======== Data shown

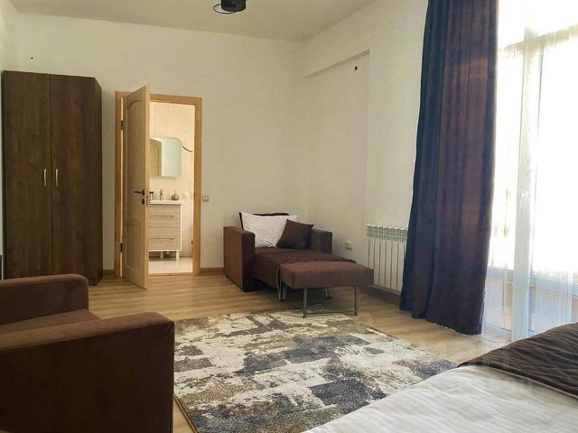 Современный комфортабельный Бутик-Отель — кавказская крепость на берегу горной реки Мзымты. Здание отеля построено в традиционном для Северного Кавказа стиле с использованием большого количества натурального камня и дерева, а общие пространства и номера стилизованы под интерьер конца 19, начала 20 века. Расположен в самом центре интерактивного парка-музея "Моя Россия". В пешей доступности от центра горнолыжного курорта "Роза Хутор" и подъемников. Расстояние до аэропорта составляет 52 км. Всего в отеле 8 номеров с массивной мебелью из красного дерева, тяжелыми парчовыми занавесами, изысканными люстрами и кавказскими узорами. Номера укомплектованы современной мебелью и бытовой техникой, итальянскими халатами и постельным бельем Frette, премиальной косметикой Valentin Yudashkin. В некоторых номерах есть балконы с живописными видами на окружающие отель горы и протекающую под окнами реку Мзымта. К услугам гостей в зимнее время до канатной дороги предоставляется трансфер, который довезет Вас и ваше оборудование. Личный автомобиль можно оставить на парковке отеля. Стойка регистрации работает круглосуточно. На всей территории отеля есть доступ к сети Wi-Fi. Просторный однокомнатный номер с видом на горную реку, оснащенный всем необходимым для комфортной жизни. Отлично подходит для одно- или двухместного проживания.
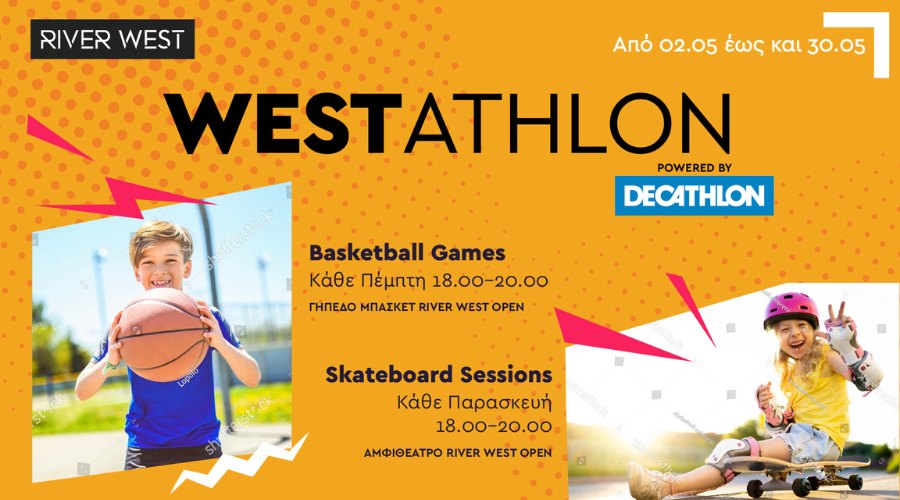Για όλο τον Μάιο, το River West σε συνεργασία με το κατάστημα Decathlon, φέρνει τον αθλητισμό πιο κοντά στα παιδιά με το Westathlon! Κάθε Πέμπτη από τις 6 έως τις 30 Μαΐου από τις 18:00 έως τις 20:00, το ανοιχτό γήπεδο του River West OPEN φιλοξενεί τα Basketball Games για ατελείωτο παιχνίδι και διασκέδαση!
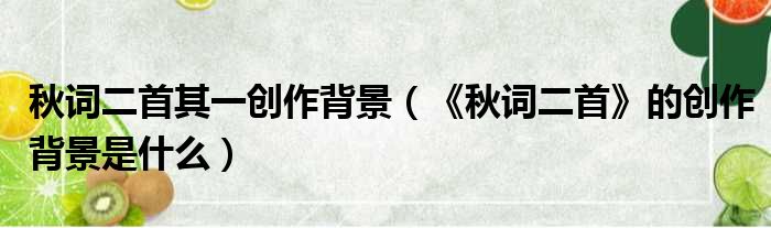 秋词二首其一创作背景(《秋词二首》的创作背景是什么)
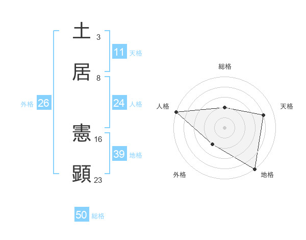土居 憲顕さんを姓名の画数から五運を鑑定
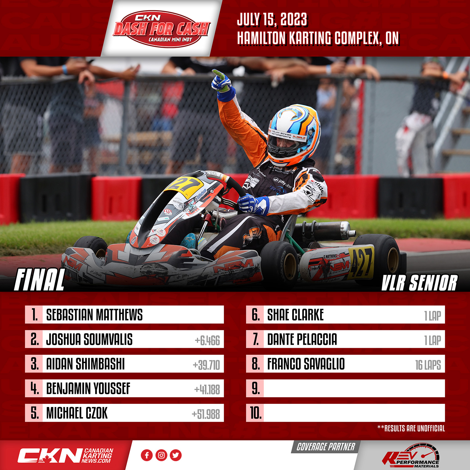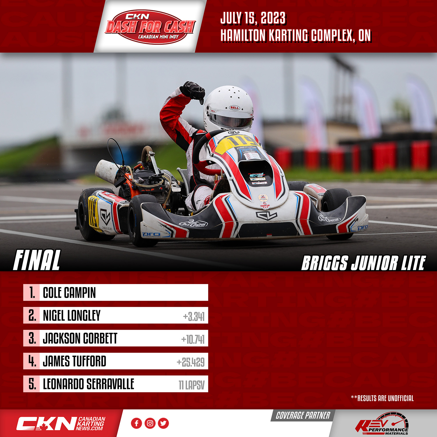 Rounding out the other race winners on Saturday and taking home $500.00 for their efforts were: Sebastian Matthews in VLR Senior, Carlo Lot in Briggs Cadet, Cole Campin in Briggs Junior Lite, Jackson Morley in ROK Mini and Rich Folino in Briggs Masters.
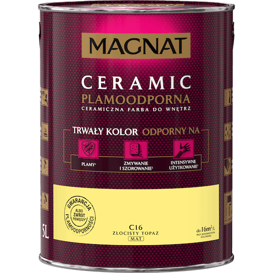 MAGNAT Ceramic to ceramiczna farba do wnętrz bazująca na ceramicznych komponentach oraz najwyższej jakości żywicach i pigmentach. Ta unikalna formuła zapewnia farbie MAGNAT trwały kolor odporny na: plamy, zmywanie i szorowanie oraz intensywne użytkowanie .
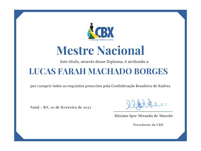 Lucas Farah Machado Borges (GO) Novo Mestre Nacional
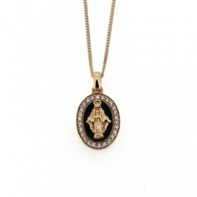 Collana in oro rosa 18kt di cm 43 con medaglia cm 1,7 (compreso anellino attacco collana) "Madonna miracolosa" e diamanti taglio brillante di ct. 0,11 complessivi e base in onice naturale di ct. 0,09.
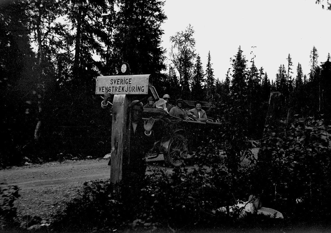 Gränsmärke, skylt med texten: "Sverige, venstrekjöring". En person vid skyltet, några personer i en bil.
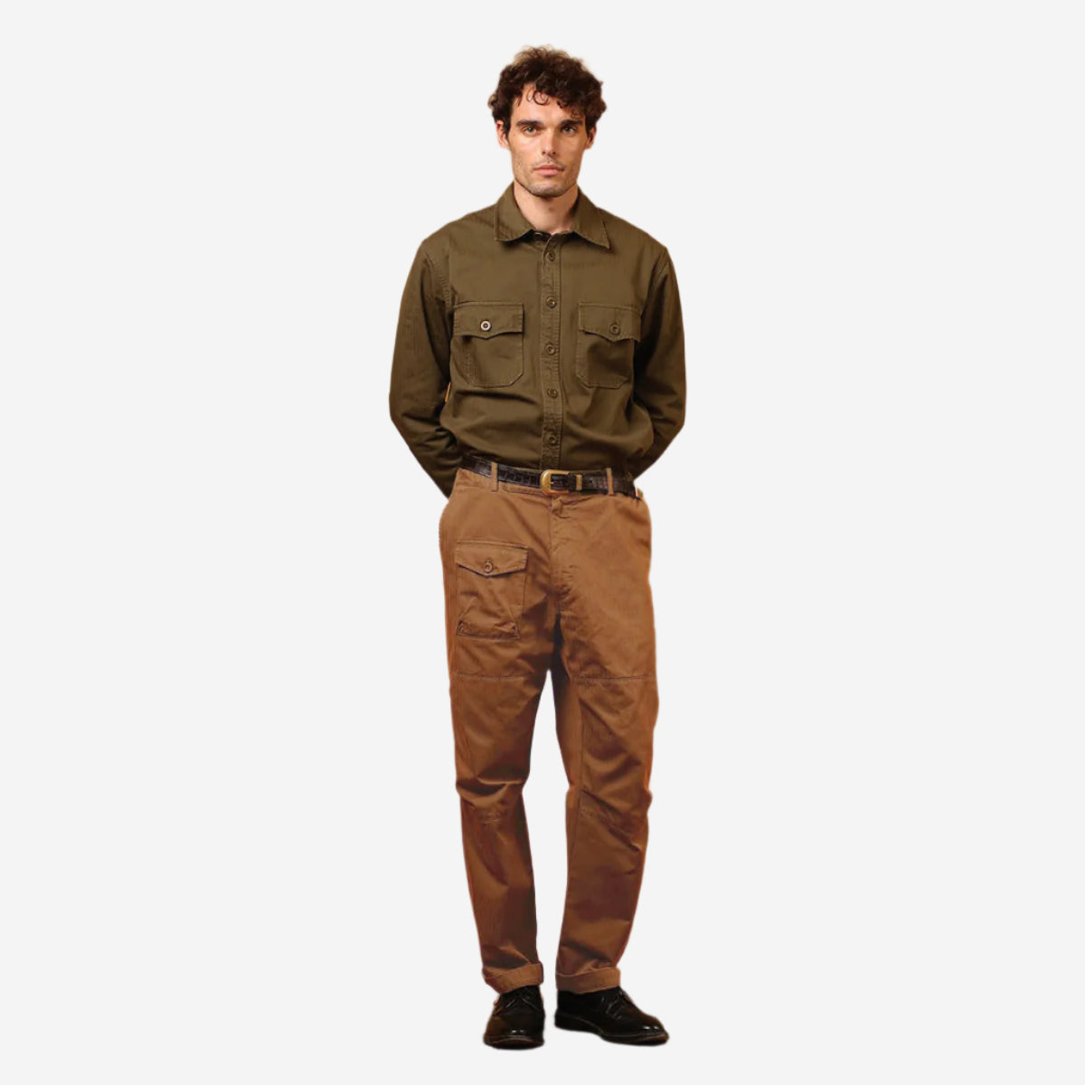 East Harbour Surplus continues to look to archival military pieces for inspiration this season and delivers this pair garment dyed cotton pants in a rich khaki. Inspired by the trousers supplied to the British Air Force helicopter pilots in World War II, this particular pair features an elasticated waist with a patch pocket on the right thigh. Two side entry pockets, single flap pocket and welt pocket at the rear and a relaxed, straight silhouette finish off the look.
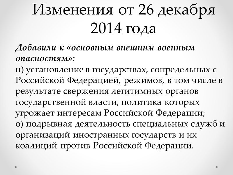 Изменения от 26 декабря 2014 года Добавили к «основным внешним военным опасностям»: н) установление в государствах, сопредельных с Российской Федерацией, режимов, в том числе в результате свержения легитимных органов государственной власти, политика которых угрожает интересам Российской Федерации; о) подрывная деятельность специальных служб и организаций иностранных государств и их коалиций против Российской Федерации.
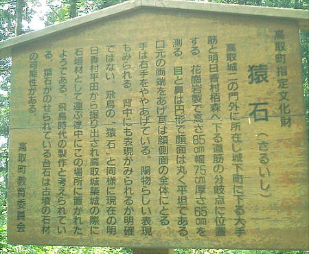 二ノ門外、城下町に下る大手筋と岡口門の分岐点にあり、制作は、飛鳥時代の斉明朝(7世紀)と推測される。高取城
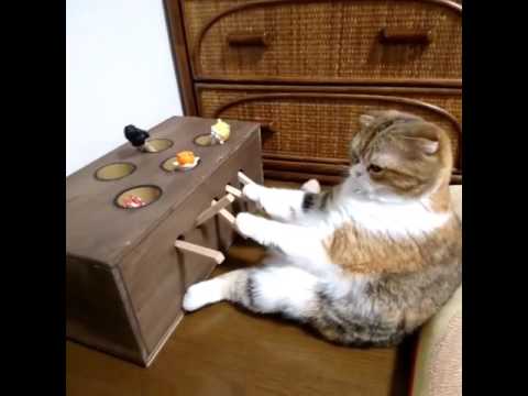 Chubby Cat Plays Homemade Whack-a-Mole Game ByTastefully Offensive August 23, 2016 While sitting up like a furry little human, this well-fed Scottish fold cat lazily entertains himself with a homemade paw-operated whack-a-mole game.
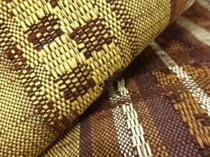 手織り真綿紬 格子に古典柄織り出し 名古屋帯
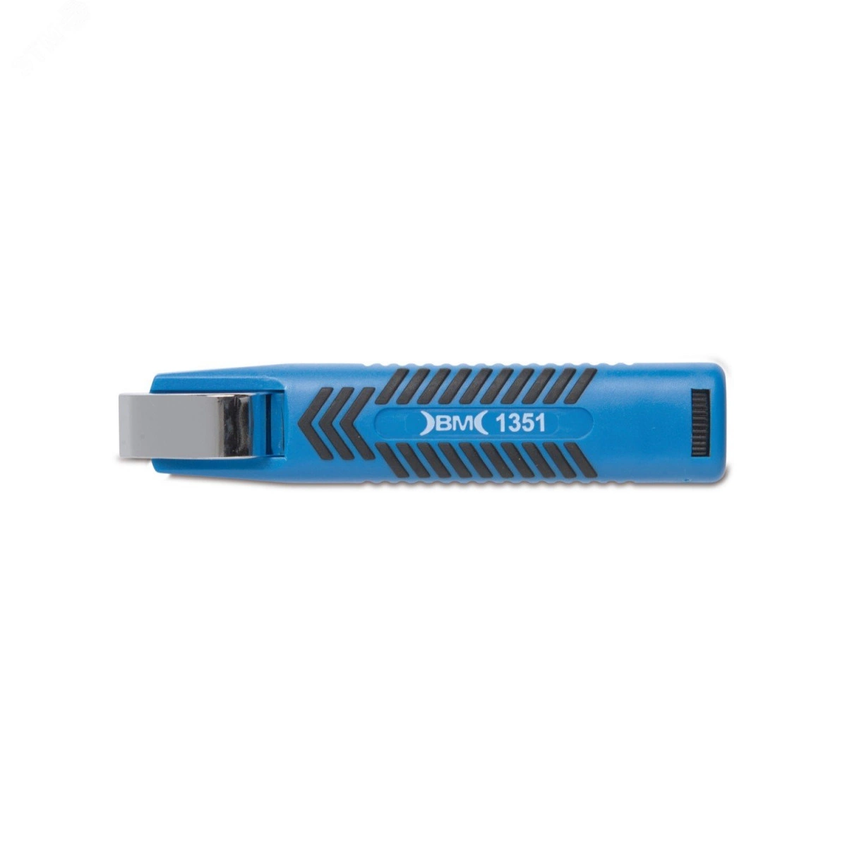 Стриппер для удаления оболочки с любых распространённых кабелей круглого сечения. Преимущества - глубина прорезания изоляции настраивается с помощью регулировочного винта на конце ручки, автоматическая настройка на резку по окружности и на продольную резку, надёжность захвата благодаря мягким вставкам на дуге и ручке, в корпусе - запасное лезвие, корпус из высококачественного, износостойкого полиамида.
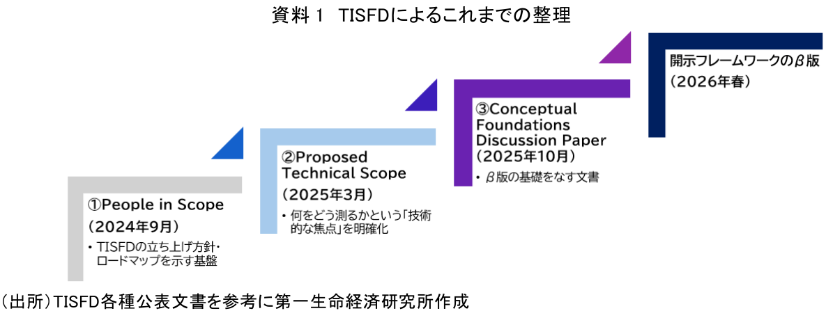 TISFDは、企業等の事業活動による人々への影響と依存と、そこから生じるリスクと機会を体系的に把握・開示するための枠組みを策定する国際的イニシアティブとして、2024年9月に発足した。環境分野ではTCFD(気候関連財務情報開示タスクフォース)やTNFD(自然関連財務情報開示タスクフォース)の普及により、投資家との対話が高度化した一方で、社会分野にはこれまで統一的かつ横断的なアプローチが存在しなかった。こうしたギャップを埋めるためにTISFDが立ち上げられ、これまで①People in Scope(立ち上げ方針・ロードマップ)、②Proposed Technical Scope(技術的焦点の明確化)を公表してきた。本ペーパーは①②の提言を具体化し、2026年に公表されるβ版の概念的基礎をなす文書として位置づけられている(資料1)。
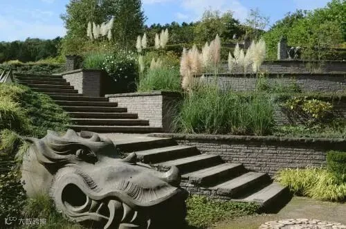 龙园中,随着龙的身体蜿蜒而上的石阶两旁三三两两地种着如《魔女宅急便》中琪琪的魔法扫帚一般的蒲苇。9月,蒲苇银白色的羽状穗花序让露出锋利牙齿的龙多了几分柔和,仿佛是童话中的情景,却又多出了一种沧桑的肃穆感。

================

- Aim of the exercise
Please give the material above again in full, with no pictures in your version.

- Exercise output
 Современный комфортабельный Бутик-Отель — кавказская крепость на берегу горной реки Мзымты. Здание отеля построено в традиционном для Северного Кавказа стиле с использованием большого количества натурального камня и дерева, а общие пространства и номера стилизованы под интерьер конца 19, начала 20 века. Расположен в самом центре интерактивного парка-музея "Моя Россия". В пешей доступности от центра горнолыжного курорта "Роза Хутор" и подъемников. Расстояние до аэропорта составляет 52 км. Всего в отеле 8 номеров с массивной мебелью из красного дерева, тяжелыми парчовыми занавесами, изысканными люстрами и кавказскими узорами. Номера укомплектованы современной мебелью и бытовой техникой, итальянскими халатами и постельным бельем Frette, премиальной косметикой Valentin Yudashkin. В некоторых номерах есть балконы с живописными видами на окружающие отель горы и протекающую под окнами реку Мзымта. К услугам гостей в зимнее время до канатной дороги предоставляется трансфер, который довезет Вас и ваше оборудование. Личный автомобиль можно оставить на парковке отеля. Стойка регистрации работает круглосуточно. На всей территории отеля есть доступ к сети Wi-Fi. Просторный однокомнатный номер с видом на горную реку, оснащенный всем необходимым для комфортной жизни. Отлично подходит для одно- или двухместного проживания.
Για όλο τον Μάιο, το River West σε συνεργασία με το κατάστημα Decathlon, φέρνει τον αθλητισμό πιο κοντά στα παιδιά με το Westathlon! Κάθε Πέμπτη από τις 6 έως τις 30 Μαΐου από τις 18:00 έως τις 20:00, το ανοιχτό γήπεδο του River West OPEN φιλοξενεί τα Basketball Games για ατελείωτο παιχνίδι και διασκέδαση!
 秋词二首其一创作背景(《秋词二首》的创作背景是什么)
土居 憲顕さんを姓名の画数から五運を鑑定
 Rounding out the other race winners on Saturday and taking home $500.00 for their efforts were: Sebastian Matthews in VLR Senior, Carlo Lot in Briggs Cadet, Cole Campin in Briggs Junior Lite, Jackson Morley in ROK Mini and Rich Folino in Briggs Masters.
 MAGNAT Ceramic to ceramiczna farba do wnętrz bazująca na ceramicznych komponentach oraz najwyższej jakości żywicach i pigmentach. Ta unikalna formuła zapewnia farbie MAGNAT trwały kolor odporny na: plamy, zmywanie i szorowanie oraz intensywne użytkowanie .
 Lucas Farah Machado Borges (GO) Novo Mestre Nacional
 Collana in oro rosa 18kt di cm 43 con medaglia cm 1,7 (compreso anellino attacco collana) "Madonna miracolosa" e diamanti taglio brillante di ct. 0,11 complessivi e base in onice naturale di ct. 0,09.
 Gränsmärke, skylt med texten: "Sverige, venstrekjöring". En person vid skyltet, några personer i en bil.
 East Harbour Surplus continues to look to archival military pieces for inspiration this season and delivers this pair garment dyed cotton pants in a rich khaki. Inspired by the trousers supplied to the British Air Force helicopter pilots in World War II, this particular pair features an elasticated waist with a patch pocket on the right thigh. Two side entry pockets, single flap pocket and welt pocket at the rear and a relaxed, straight silhouette finish off the look.
 Изменения от 26 декабря 2014 года Добавили к «основным внешним военным опасностям»: н) установление в государствах, сопредельных с Российской Федерацией, режимов, в том числе в результате свержения легитимных органов государственной власти, политика которых угрожает интересам Российской Федерации; о) подрывная деятельность специальных служб и организаций иностранных государств и их коалиций против Российской Федерации.
 二ノ門外、城下町に下る大手筋と岡口門の分岐点にあり、制作は、飛鳥時代の斉明朝(7世紀)と推測される。高取城
 Chubby Cat Plays Homemade Whack-a-Mole Game ByTastefully Offensive August 23, 2016 While sitting up like a furry little human, this well-fed Scottish fold cat lazily entertains himself with a homemade paw-operated whack-a-mole game.
 手織り真綿紬 格子に古典柄織り出し 名古屋帯
 Стриппер для удаления оболочки с любых распространённых кабелей круглого сечения. Преимущества - глубина прорезания изоляции настраивается с помощью регулировочного винта на конце ручки, автоматическая настройка на резку по окружности и на продольную резку, надёжность захвата благодаря мягким вставкам на дуге и ручке, в корпусе - запасное лезвие, корпус из высококачественного, износостойкого полиамида.
 TISFDは、企業等の事業活動による人々への影響と依存と、そこから生じるリスクと機会を体系的に把握・開示するための枠組みを策定する国際的イニシアティブとして、2024年9月に発足した。環境分野ではTCFD(気候関連財務情報開示タスクフォース)やTNFD(自然関連財務情報開示タスクフォース)の普及により、投資家との対話が高度化した一方で、社会分野にはこれまで統一的かつ横断的なアプローチが存在しなかった。こうしたギャップを埋めるためにTISFDが立ち上げられ、これまで①People in Scope(立ち上げ方針・ロードマップ)、②Proposed Technical Scope(技術的焦点の明確化)を公表してきた。本ペーパーは①②の提言を具体化し、2026年に公表されるβ版の概念的基礎をなす文書として位置づけられている(資料1)。
 龙园中,随着龙的身体蜿蜒而上的石阶两旁三三两两地种着如《魔女宅急便》中琪琪的魔法扫帚一般的蒲苇。9月,蒲苇银白色的羽状穗花序让露出锋利牙齿的龙多了几分柔和,仿佛是童话中的情景,却又多出了一种沧桑的肃穆感。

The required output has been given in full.